IV. If the Claim of Resurrection Is True Then So Also Is the Claim of Salvation.

When Jesus first spoke in Nazareth He read from the scroll of Isaiah, it spoke about One who would have the Spirit of God upon Him, who would heal the broken hearted, proclaim liberty to the captives, sight to the blind and to bring freedom to the oppressed. Then, putting the scroll down, He said that this day the Scripture had become fulfilled in their hearing. Physically He set about doing that, it’s why we see the many miracles that He did. But spiritually He did it even more so, broken hearted, blind captives exist even today, people who have been ensnared with the foolishness of sin. In fact everyone is included in that description, for all have sinned, there is none righteous, no not one, that’s what the Scripture declares. The freedom that Jesus had in mind for us captives was a freedom that comes from the forgiveness of sin, a forgiveness that only God can ultimately grant. Jesus compared Himself to a door that we can enter by, to a Shepherd that knows us and calls us by name and keeps us, to vine from which come branches and that apart from Him can do nothing. He once compared His body to the Temple saying that in three days He would build it up again.

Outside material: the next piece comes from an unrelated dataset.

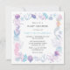 Convite de chá de bebê sereia aquarela sob o mar adorável. O design feminino apresenta uma sereia, criaturas sob o mar, conchas e coral em estilo aquarela.

Several times He compared His coming resurrection to the sign of Jonah saying that as Jonah was three days and nights in the belly of the whale so shall the Son of Man be in the heart of the earth. King David wrote this about the resurrection of Jesus in Psalm 16:10, “For Thou wilt not abandon my soul to Sheol; neither wilt Thou allow Thy Holy One to undergo decay.” Psalm 22 and Isaiah 53 also contain references to His resurrection. There were over 300 prophecies concerning Jesus Christ in the Old Testament and He fulfilled them all! The claim of Jesus Christ was not only that He would rise again but that all who believed in Him would also be with Him. He once said, “I am the resurrection and the life, he who believes in Me though He die yet shall he live. And whoever lives and believes in Me shall never die. Do you believe this?” This is the Finger Print of the Messiah, He is who He says He is. Do you believe this?